General

With rise in social media, China’s government struggles to save face

The Chinese Communist Party is having trouble maintaining their image in a technologically connected China, Reuters reports. Party officials have suspended an army officer after reports that he assaulted a flight attendant quickly spread on the Internet, further fueling a growing outrage against the corruption of the Communist Party.

With the CCP preparing to anoint a new leader this year, the Party has been having trouble protecting the image it had maintained through heavy propaganda and state-owned mass media. This year alone they have been beset by a series of corruption scandals, a reported orgy and a highly publicized murder.

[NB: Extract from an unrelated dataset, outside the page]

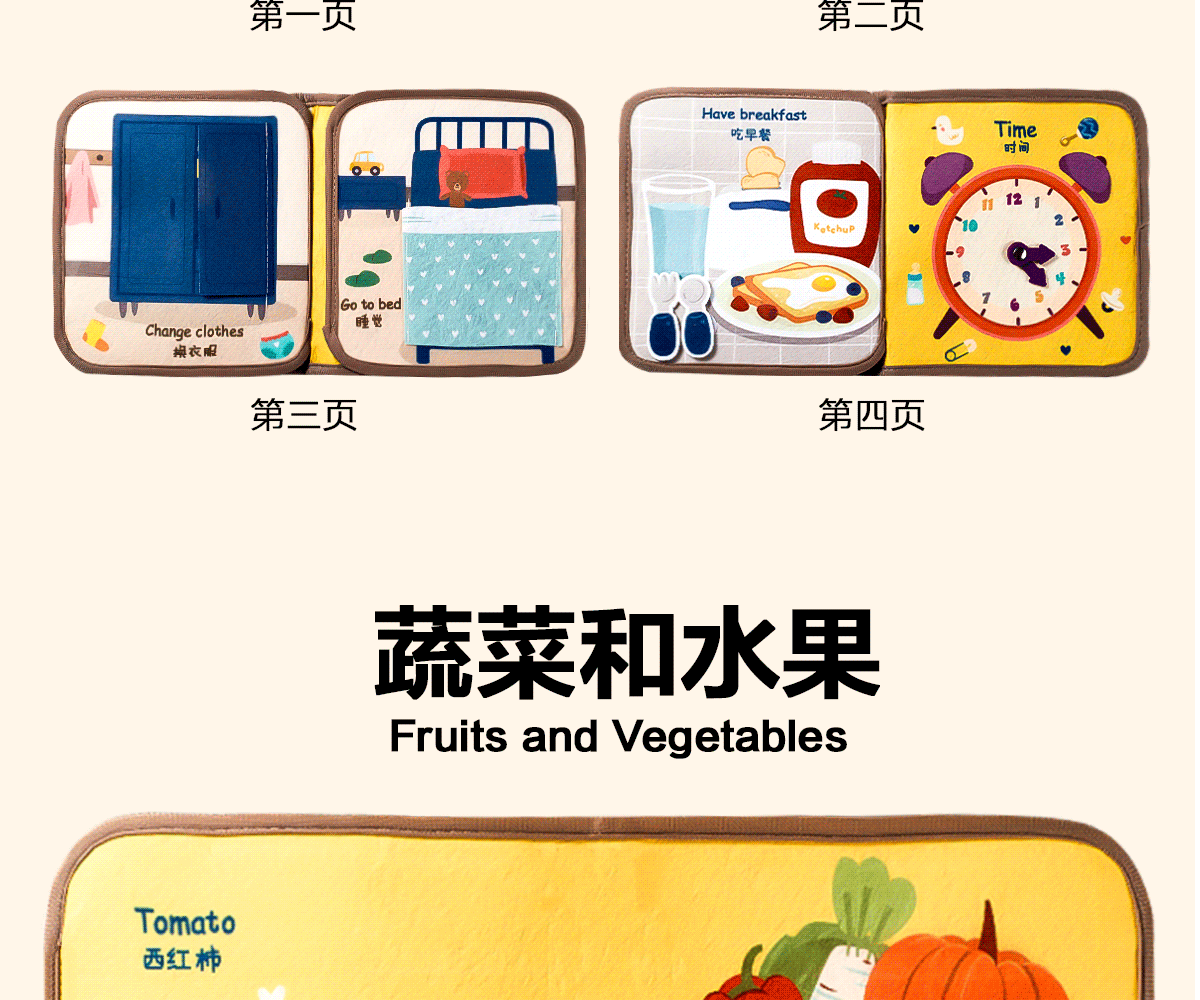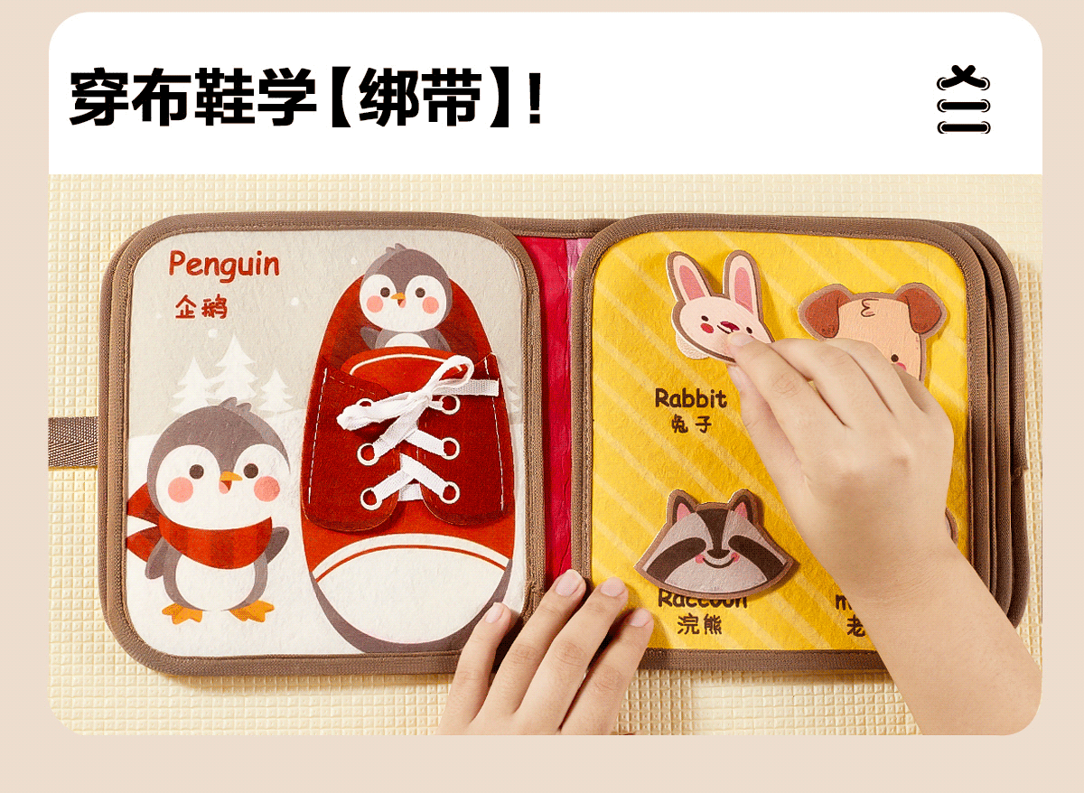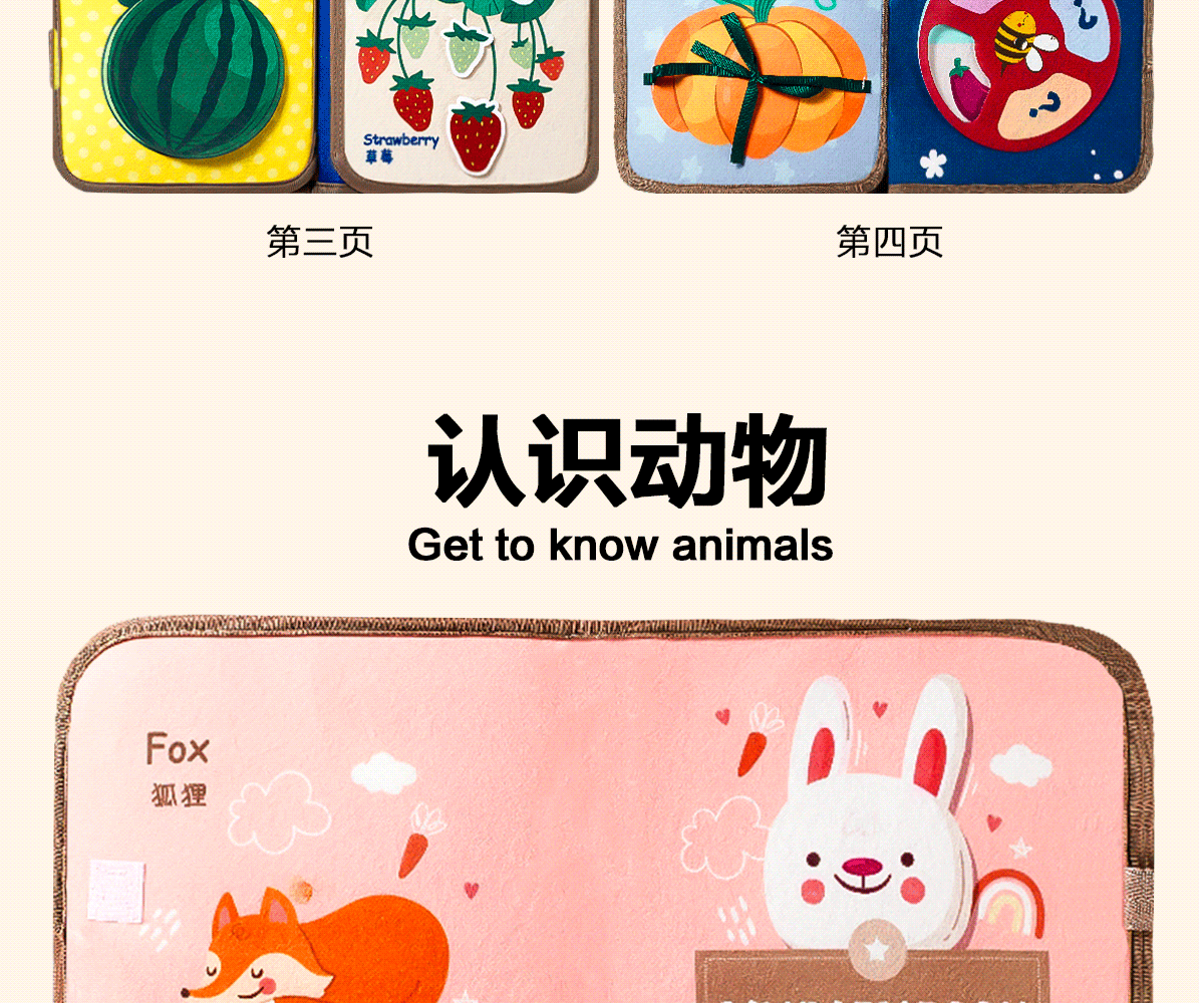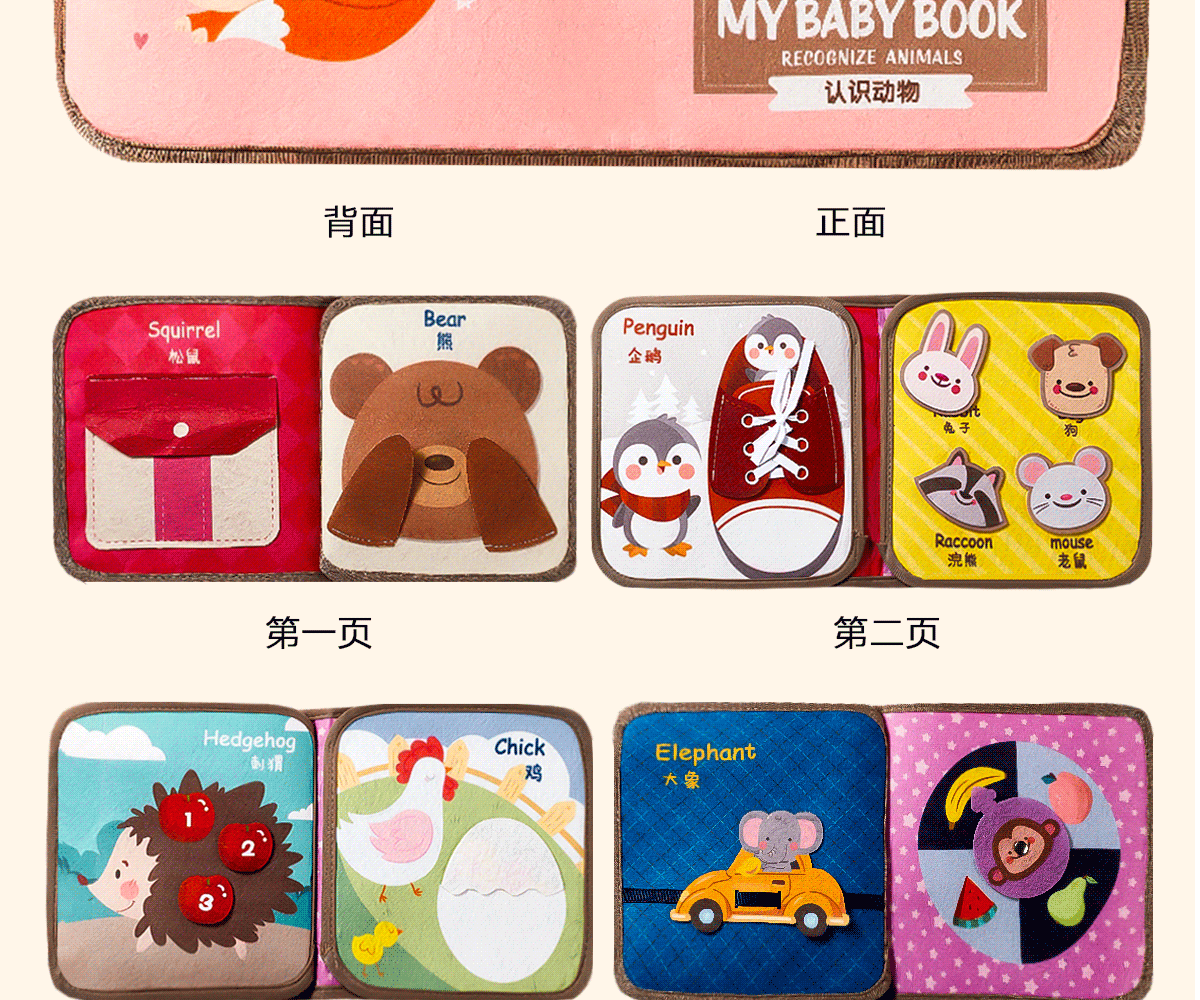 • [0-3세] 퍼즐 계몽 조용한 책 "두꺼워지고 페이지가 추가됨"(벨크로 직접 부착)

In this week’s incident, a military official and his wife allegedly started a physical fight with a flight attendant, who published photos of bruises and a torn uniform on Sina Weibo, a Chinese microblog that has been compared to Twitter.

Earlier this year, Chen Guangcheng, a blind human rights activist and political prisoner, escaped from house arrest. Recently, the wife of high-ranking party official Bo Xilai was found guilty of murdering a British businessman. Last month, Chinese social media sites published photos of a party-appointed safety officer smiling in the wake of a deadly bus crash, and this March spread allegations that children of party officials were involved in a Ferrari crash.

Political scholars in Beijing say that newspapers are still too frightened of government retribution to publicize these incidents, but writers on the Internet are not affected in the same way.